* Assigned task: All that is wanted is the lines from the first line of the listing below through the line containing "Pleat Chiffon Belted Midi Dress from", written out exactly with pictures left out.

* Recorded information:
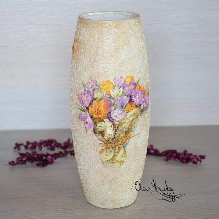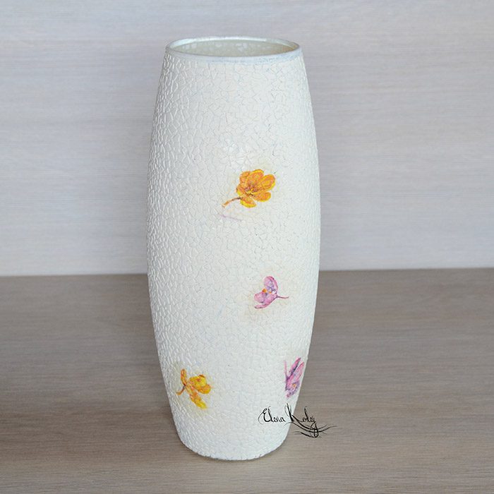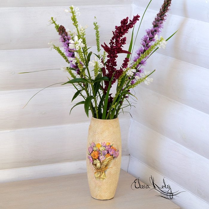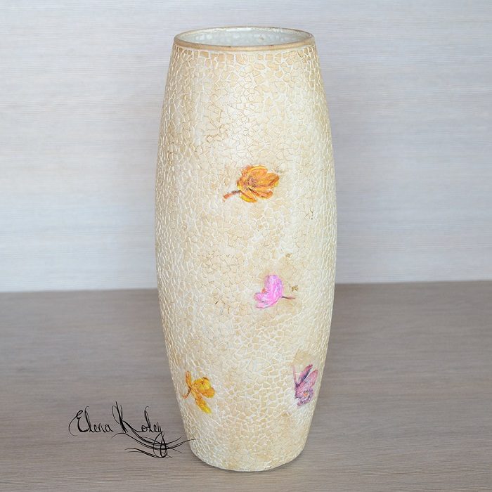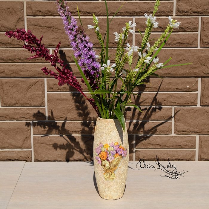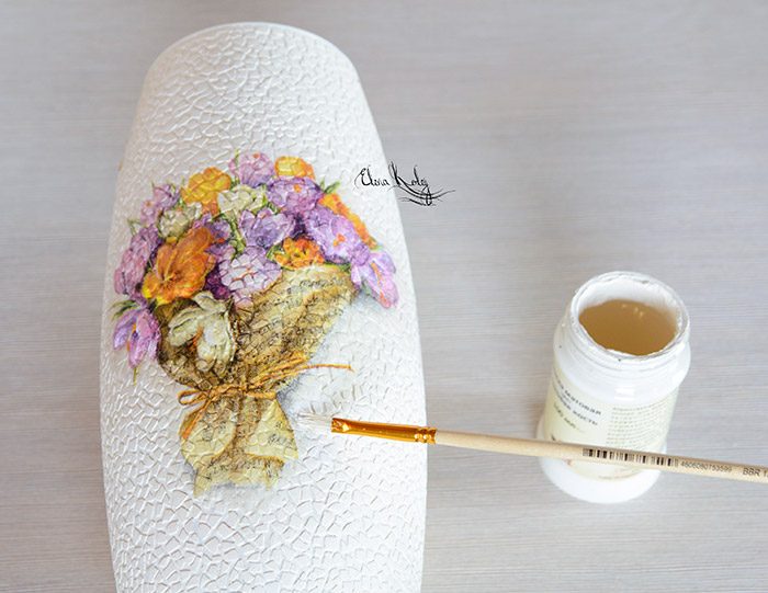 Финальный штрих — нанесение лака. Покрываем вазу тремя слоями лака с промежуточной просушкой. Наша очаровательная ваза готова!
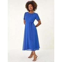 Pleat Chiffon Belted Midi Dress from Roman. Make a stylish statement this Spring/Summer season with this flattering yet elegant chiffon dress. The pleated neck detail adds a touch of sophistication while the short sleeves keep it fresh and light. The fit and flare style, cinched at the waist with a tie belt, showcases your silhouette beautifully. Crafted from light chiffon, this dress is perfect for any special occasion. Complete the look with strappy heels and a smart blazer for an effortlessly chic ensemble. | Roman Women's Pleat Chiffon Belted Midi Dress in Blue | Size: 16 - Manufacturers part number: WP6LB
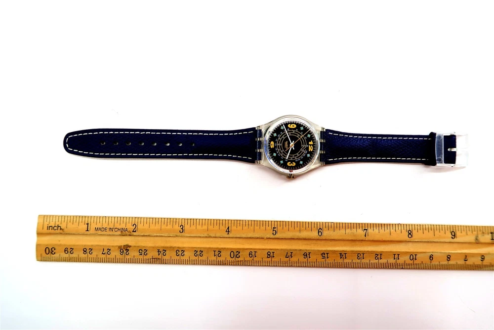 NEW Swatch Watch AIRE GK210 with Case and Papers 1996 NOS Gents WORKS GREAT This eBay listing is for a New Old Stock classic SWATCH WATCH that comes as you see pictured in the listing and noted above. This watch is brand new and never used before and comes with the original case and paperwork. If you collect classic Swatch Watches, then please check out my other listings in my ebay store for many more great Swatches!! I just picked up close to 800 NOS Swatches from a local auction where I'm told the consignor had one of the largest Swatch watch collection in the United States. This was their 3rd and final auction of Swatches. In total, I purchased close to 1500+ Swatches!! Many of the watches are Special Editions, Limited Editions, Boxed Sets, Scarce and rare models plus other vintage Swatches as well. I will remove all of the old Swatch batteries and will replaced them with brand new batteries to verify that they are all are all in good working condition unless noted below. Please note that vintage and retro Swatches are on the smaller size compared to modern style watches. Most standard Gents (mens) watches have a 33mm-34mm case. I will try to include a picture with each new listing showing the watch next to a standard ruler so that you can see the true size of this collectible Swatch watch. Swatch name : AIRE Model : GK210 New Battery : Yes (due to age, the original battery was removed with a new battery installed) Features/Notes : Works Great! Circa 1996. Seller Location Reference - Box 67 BID IN CONFIDENCE – CHECK MY FEEDBACK! My goal is your satisfaction. I leave positive feedback right after the payment is received for all orders!! If you plan to leave anything less than positive feedback and 5 stars - please let me know so that I can work out any problems that you may have. I aim to please!! SHIPPING & HANDLING FOR US BIDDERS We ship ASAP upon payment as noted above within 1 business day 99% of the time!! We normally pack up your new treasures 2 - 3 times a day and ship using USPS and Fedex Ground so that you get your items in a timely fashion. As always - there is no charge for local pickup on any of my items!! SHIPPING AND HANDLING FOR INTERNATIONAL BIDDERS Import duties, taxes and charges are not included in the item price or shipping charges. These charges are the buyer’s responsibility. Please check with your country’s customs office to determine what these additional costs will be prior to bidding/buying.” THANK YOU AND HAVE A WONDERFUL DAY!! Powered by SixBit's eCommerce Solution
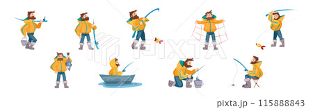 Bearded Fisherman Capturing Fish with Rod in Pond Vector Set
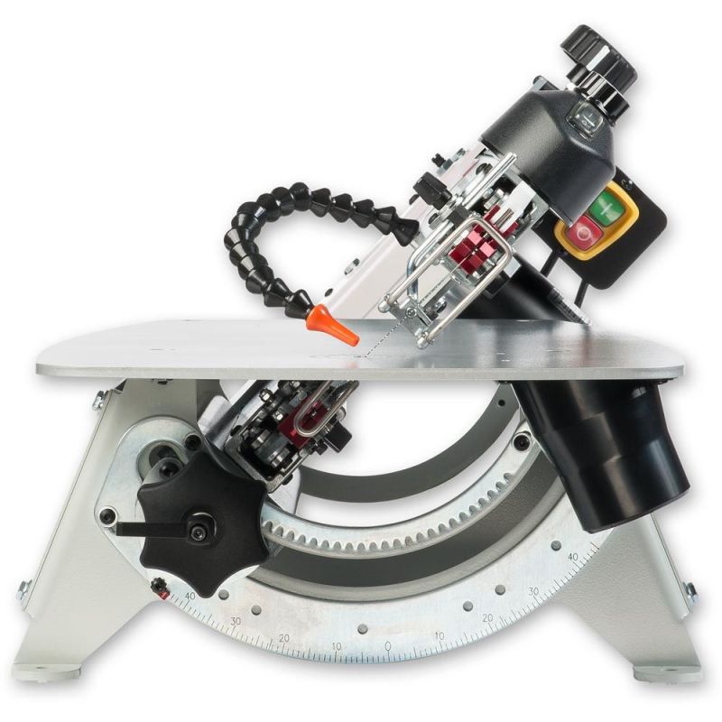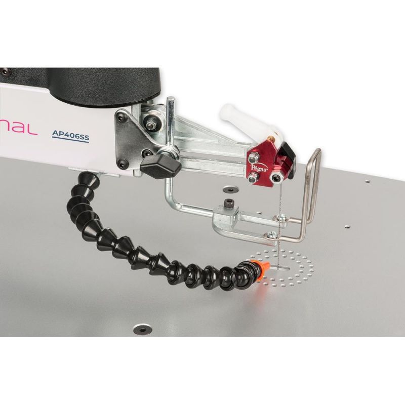 - The arm assembly tilts up to 45° to the right and 35° left leaving the table horizontal. With your workpiece level, you automatically have greater control and precise cuts are easier to achieve. Visibility is improved and work carried out in a natural position. The saw has a 305mm x 470mm, heavy gauge, epoxy coated plate steel table, giving plenty of support to larger workpieces. Blade changing could not be made easier. No tools required, PEGAS blade clamps are lightweight, reduce vibration and reduce stress on the machine. Changing a blade is a simple matter of operating a quick release lever. When carrying out pierced work, you can raise the upper arm to give yourself more clearance to thread the blade through the hole in the workpiece.
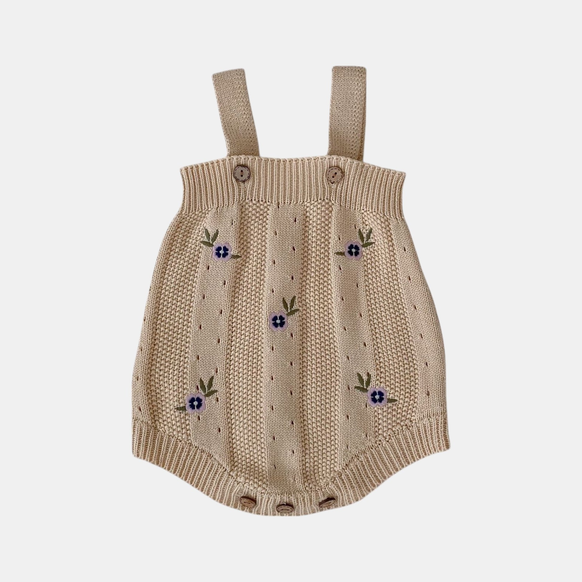 A dreamy khaki romper in buttery-soft cotton, with tiny embroidered violet pansies scattered across the front. The button shoulders and easy leg openings make changing simple, while the lightweight knit keeps little ones comfy. Layer it under the matching cardigan when there's a chill, or let it shine on its own for sunny adventures.
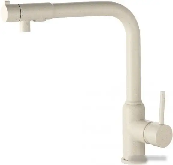 Смеситель Kaiser Teka 13044-11 выполнен в бежевом цвете и подходит для монтажа на раковину или столешницу с одним отверстием. Он изготовлен из прочной латуни и имеет однорычажный механизм управления, что делает его использование простым и удобным. Встроенный кран для питьевой воды позволяет легко получить свежую воду прямо в кухне. Керамический картридж размером 35 мм обеспечивает долгий срок службы и плавное управление потоком воды. Поворотный излив с длиной 195 мм помогает удобно направлять воду в любой части раковины и облегчает мытьё посуды и продуктов. Этот смеситель хорошо сочетается с моющими раковинами из камня и отлично подходит для домашней кухни.
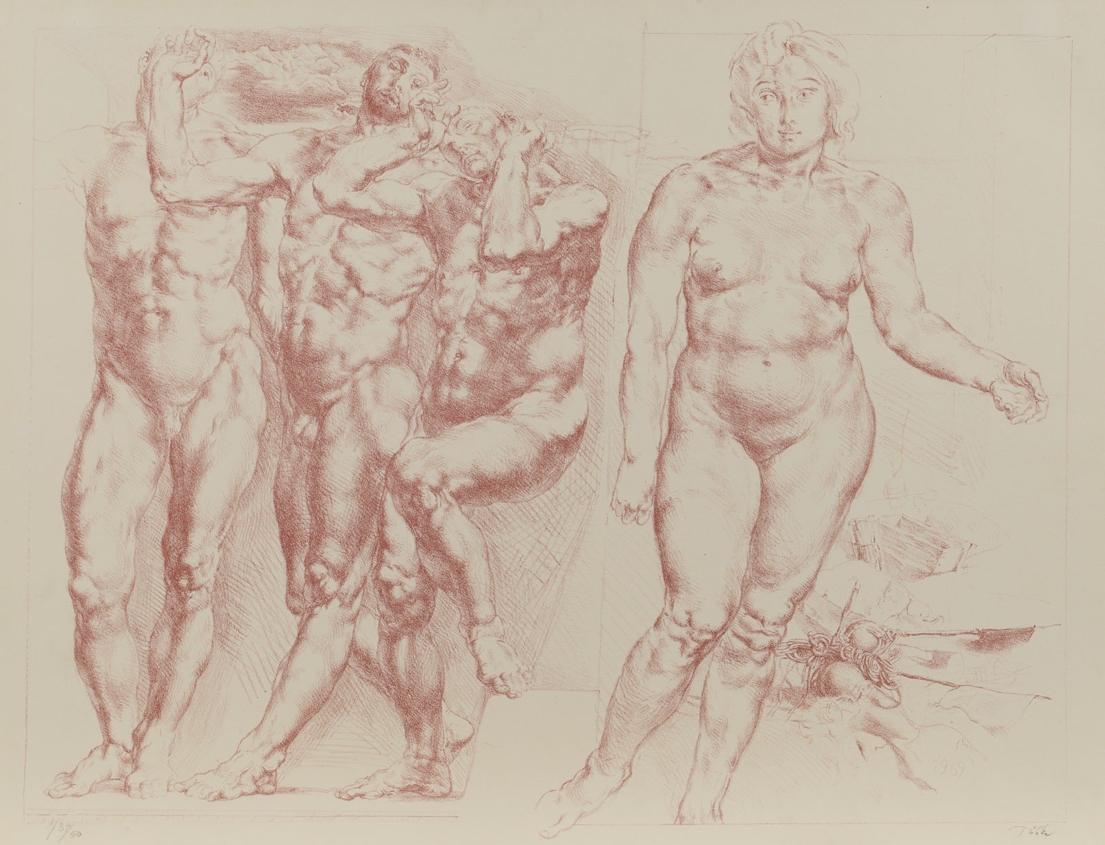 Kreidelithografie in Rötelton auf festem getöntem Velin. BM 36 x 48 cm. DM 34,2 x 43,6 cm. Unten rechts im Druck dat. '1969' sowie unterhalb der Darstellung in Bleistift handsign. 'Tübke' rechts und mit Ex.-Nr. '1/34/50' links. Verso: Mit alten Montagespuren. Part. minimalst stockfleckig u. gebräunt. Ungerahmt.
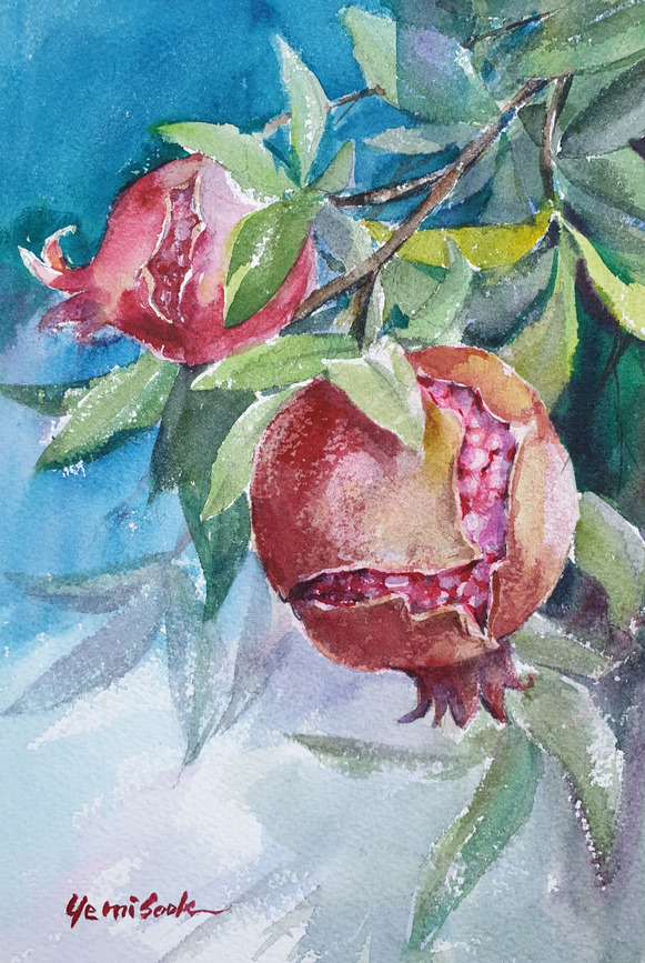 오랜만에 석류 열매를 그렸다.
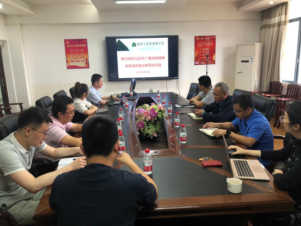 5月17日上午,广西高校人文社会科学重点研究基地——广西旅游产业研究院(以下简称“基地”)在04509会议室开展了决策咨询报告撰写的集体研讨活动,本次研讨活动围绕着学习贯彻习近平总书记4月25日至27日视察广西时的重要讲话和重要指示精神展开。
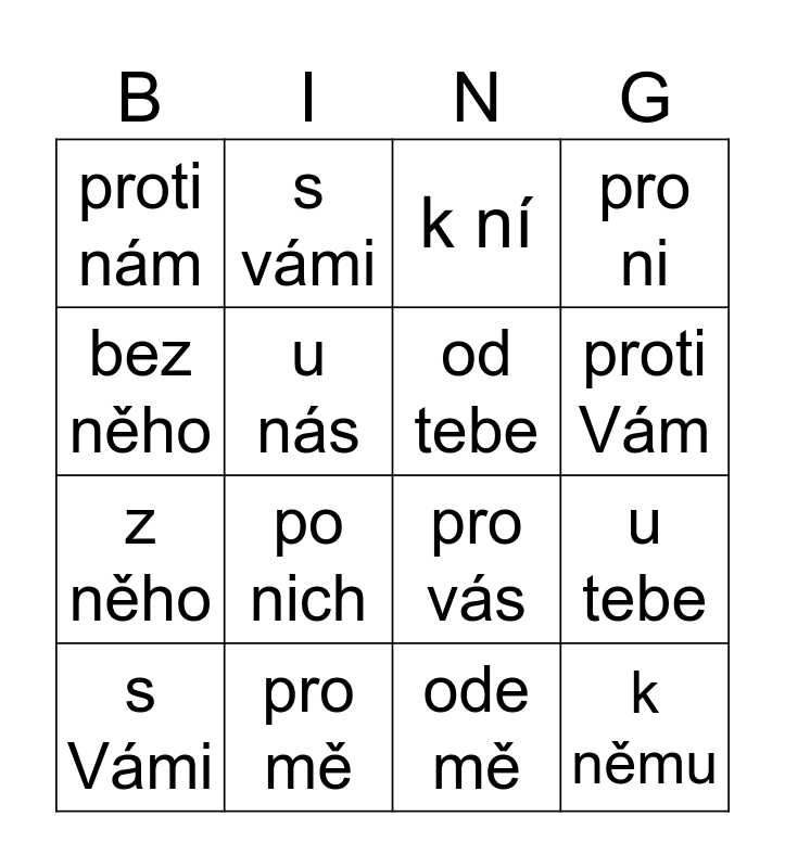 This bingo card has 16 words: pro mě, u tebe, k ní, proti nám, z něho, s vámi, pro vás, ode mě, bez něho, u nás, s Vámi, pro ni, po nich, proti Vám, od tebe and k němu.
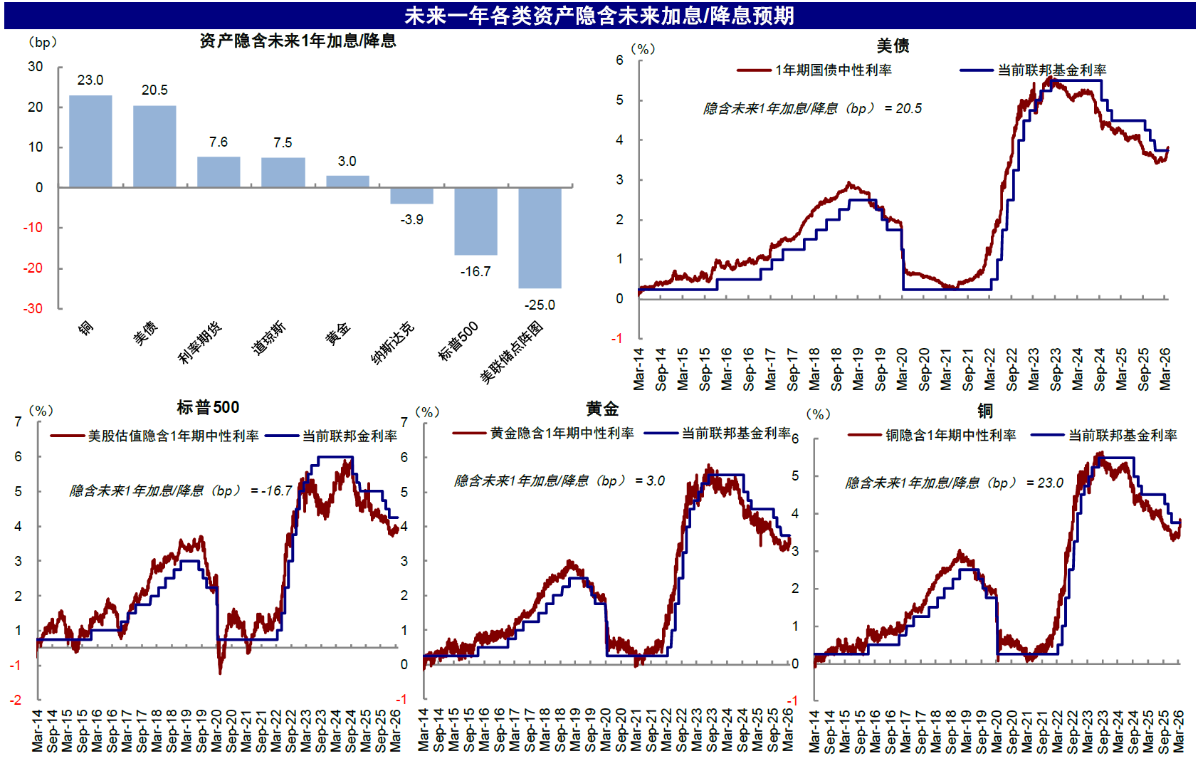 定价较充分:美债、黄金、铜等(隐含降息预期弱/加息预期强);
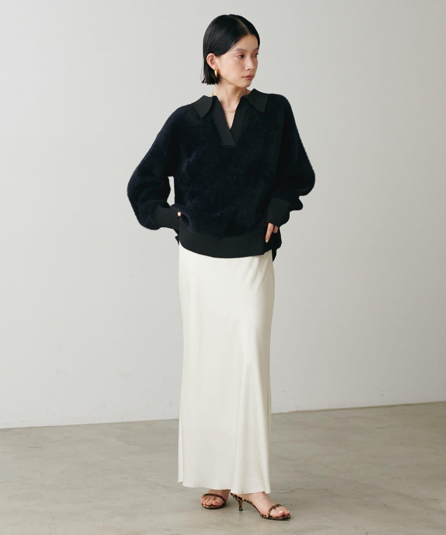 搭配緞面窄裙或人造革百褶裙,打造優雅成熟的造型。
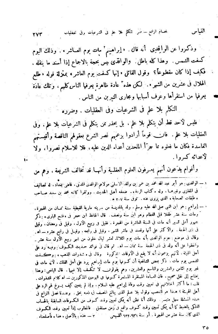وذكروا عن الواقدي أنه قال: "إبراهيم مات يوم العاشر وذلك اليوم كسفت الشمس" وهذا كله باطل والواقدي ليس بحجة بالإجماع إذا اسند ما ينقله فكيف إذا كان مقطوعا وقول القائل أنها كسفت يوم العاشر بمنزلة قوله طلع الهلال في عشرين من الشهر لكن هذه عادة ظاهرة يعرفها الناس كلهم وتلك عادة يعرفها من استقراها وعرف أسبابها ومجاري النيرين من الناس.
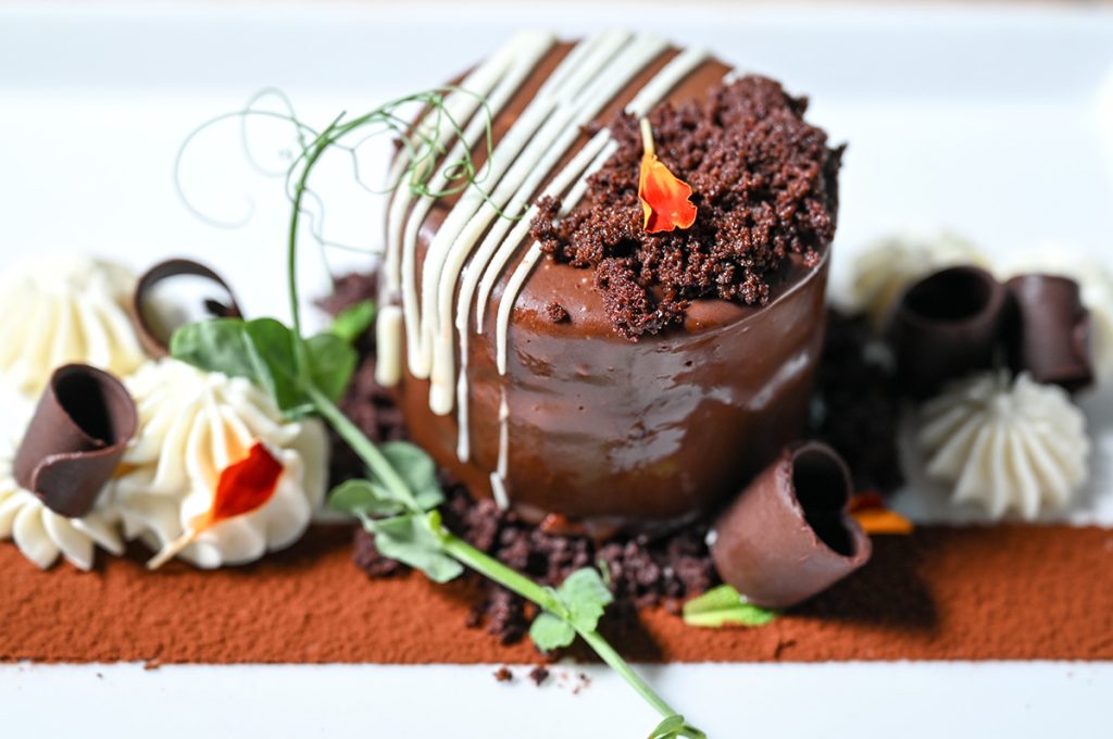 Desserts here vary with the seasons, but there’s usually a signature crème brûlée and heavenly macarons. This evening, I tried the Chocolate Mousse Cake ($12). It’s an indulgent dessert of white and dark chocolate mousse and vanilla nougat that reminded me of a flourless chocolate cake and a chocolate mousse bombe combined into one decadent, gooey, round, sweet treat—another surprising take on a dish that left me satisfied and excited to come back again for more delightful curveballs.

* Response:
 Финальный штрих — нанесение лака. Покрываем вазу тремя слоями лака с промежуточной просушкой. Наша очаровательная ваза готова!
 Pleat Chiffon Belted Midi Dress from Roman. Make a stylish statement this Spring/Summer season with this flattering yet elegant chiffon dress. The pleated neck detail adds a touch of sophistication while the short sleeves keep it fresh and light. The fit and flare style, cinched at the waist with a tie belt, showcases your silhouette beautifully. Crafted from light chiffon, this dress is perfect for any special occasion. Complete the look with strappy heels and a smart blazer for an effortlessly chic ensemble. | Roman Women's Pleat Chiffon Belted Midi Dress in Blue | Size: 16 - Manufacturers part number: WP6LB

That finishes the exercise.